For the last few years I have been competing in Fantasy Premier League (FPL) football. The goal is to select the best 15 players which you hope will score the most points and finish highest out of the 8.2 million players currently competing. For the last year or two I've joked with my friends about developing a machine learning algorithm to select the best team each week in order to help me decide player picks and this year was the year I thought I'd finally give it a go. The aim was to build a forecasting model, in Python, to predict the optimal fantasy football squad for the final matches of the season, Gameweek 38. Anyway, how hard can it be?

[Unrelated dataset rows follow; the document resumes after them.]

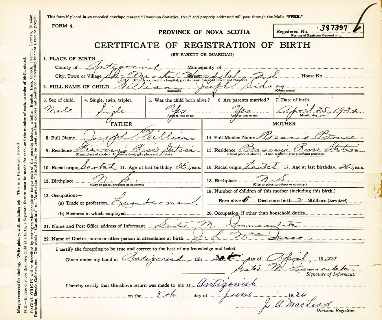 Male Birth Registration: Year: 1924 number: 38700397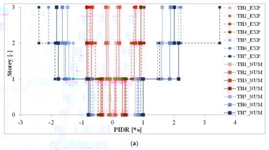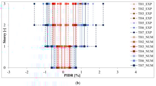 Moreover, a comparison between experimental and numerical results in terms of PRDR is shown in Figure 9. The experimental to numerical ratio is in the range 0.99 to 1.27 for Type 1 mock-up and 0.92 to 1.41 for Type 2 mock-up. It can be noticed that globally models are able to capture experimental behavior in term of roof drift ratio (RDR), but the PRDRs are not captured very accurately. The inaccuracy of the prediction could be attributed to the fact that models well predict the first mode, but with less accuracy the others.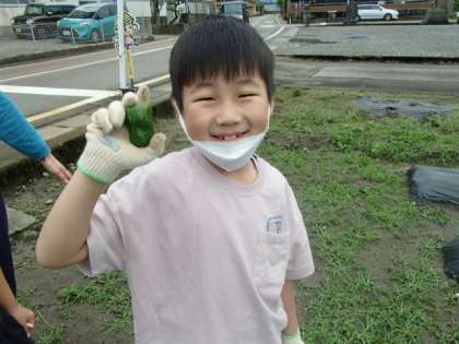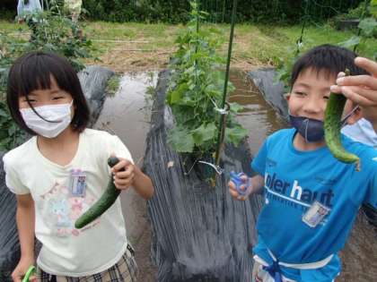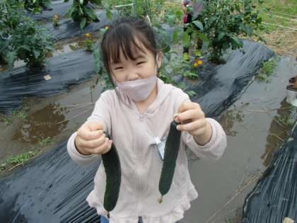雨の日が2日ほど続いたため、雨がやんでいる間に久しぶりに野菜を見に行きました。実が生長した4名が、初めての収穫をすることができました。とても嬉しそうでした。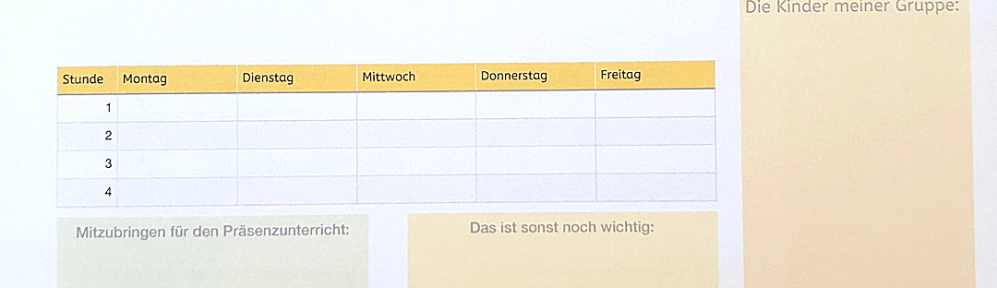 Ich erstelle für jede Gruppe einen Wochenplan im voraus: Darin ist alles vermerkt. Wer wann im Präsenzunterricht ist, wann im Distanzlernen. Wer wann welches Unterrichtsfach hat – denn wir Kolleg*innen haben auch an der einen oder anderen Stelle miteinander mal Stunden getauscht.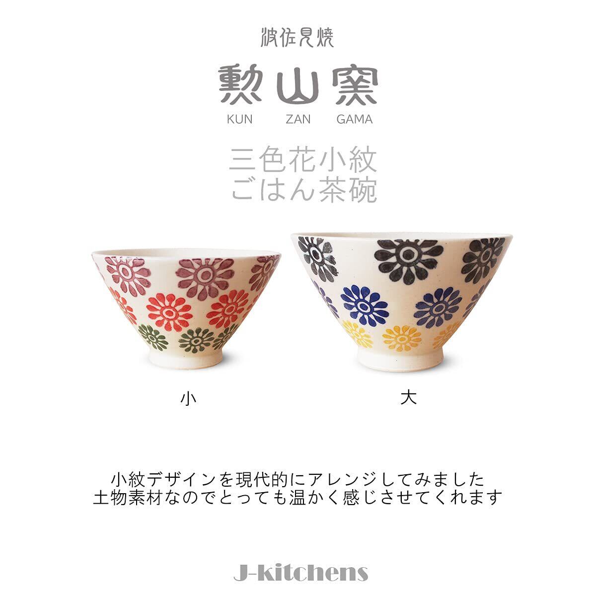 J-kitchens 勲山窯 茶碗 小 11.5cm 波佐見焼 日本製 花 小紋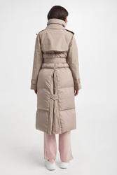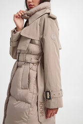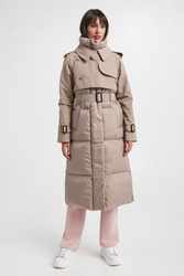 - Klasyczne elementy trenczu w postaci patki i pasków.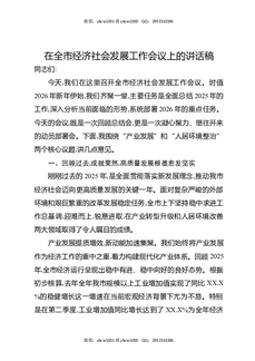 在全市经济社会发展工作会议上的讲话稿.docx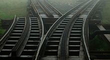Systems like the Locher rack system do not allow normal switches and transfer tables or rotary switches are used instead, as on the Pilatus Railway. A transfer table contains two tracks with different configurations. The table is moved sideways or rotated[2] to choose the configuration that connects the track that the incoming train will be traveling from and to. Using transfer table as a switch or a rotary switch allows the center rack rail to be aligned for the cog wheels to continually drive the train forward while crossing the switch.
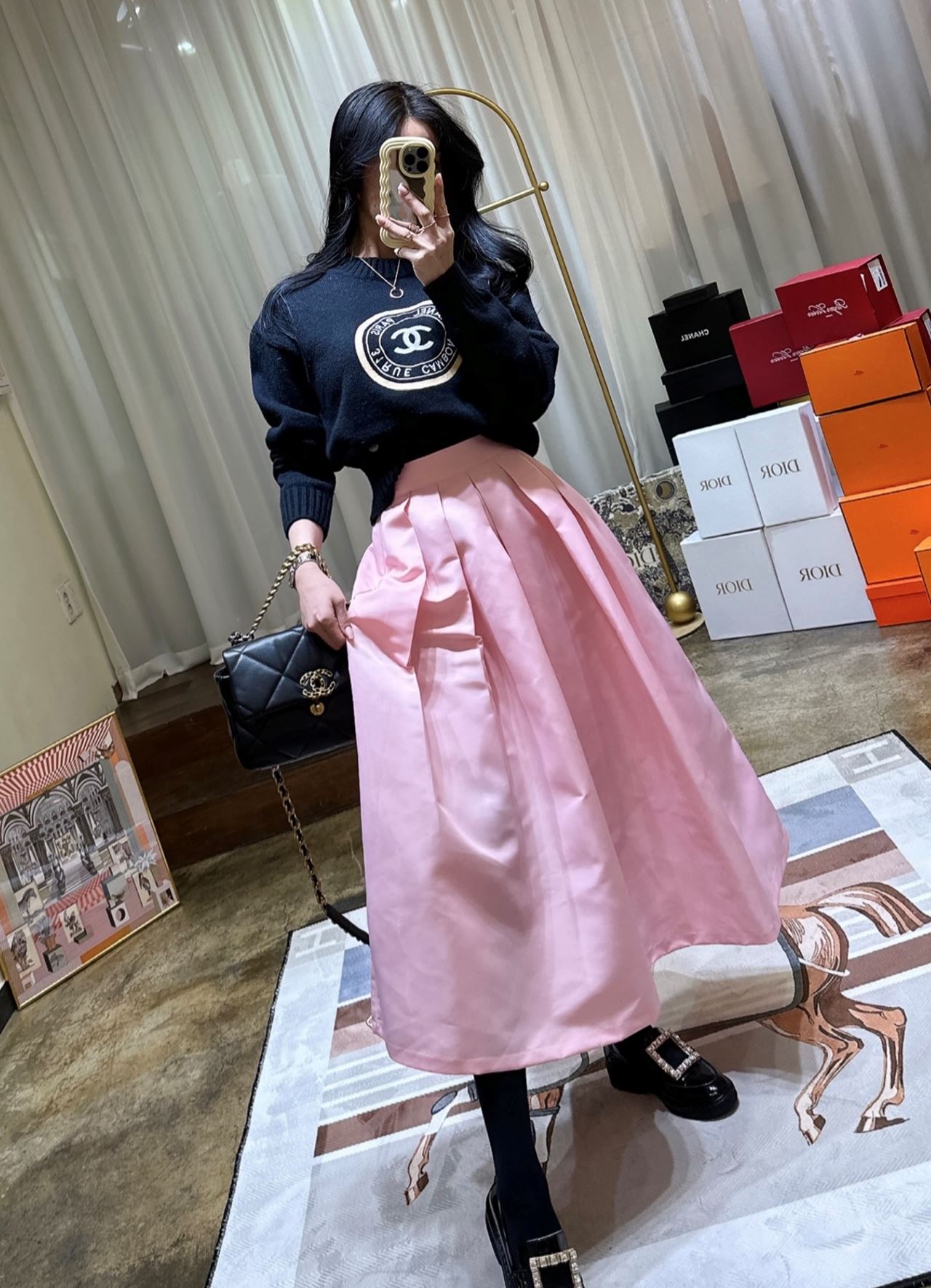 풀 라인 핀턱 핏 으로 예쁜 쉐입 연출을 도와주는 여성스러운 벌룬 스커트 봄 신상 스커트에요

The basis of FPL is as follows.

You are competing to select the best players within the available budget of a theoretical £100m to score the most points in each Gameweek. Every player has a certain value which can increase or decrease over the season depending on form and how many teams have selected that specific player.
There is a total of 38 Gameweeks, spanning the length of the Premier League season.
Each team must contain 15 players, 11 starters with 4 on the bench which are made up of 2 keepers, 5 defenders, 5 midfielders and 3 attackers. Only specific formations may be used meaning you can't play with no defenders, for example. You can readily transfer players in and out, provided you have the required funds available. You get one free transfer a Gameweek. If you want to use another, it will cost you 4 points for each transfer after the first.
Each Gameweek you pick a captain and vice-captain. The captained player will receive double points for that Gameweek. If your captain doesn't play, double points are rewarded to the vice-captain.
You cannot just fill your team with players from one individual club; there is a maximum of 3 players from any given Premier League club.
Based off the players position, a player can gain points by registering goals, assists, clean sheets, saves, minutes played and bonus points. Players can lose points by scoring an own goal, getting a yellow or red card, or conceding more than 1 goal.
There are various extra features known as 'chips' which can be utilised to hopefully positively impact your squad. These include wildcard which allows you to completely reset your team (you only get to do this twice a season) and triple captain (triple points for your captain that Gameweek).

The target variable (the thing we want to predict) for this project is therefore the points a player will receive. I wanted to train an model using historic football points data, to predict future points.

1. Dataset build through FPL API

In order to access the FPL data, there is an Application Programming Interface (API) which can be accessed in order to receive a JSON structure in return. The response can be easily converted into readily accessible datasets using Python, which will be used as the models training data. Python code is an open-source object-oriented programming language popular with computer scientists due to its versatility.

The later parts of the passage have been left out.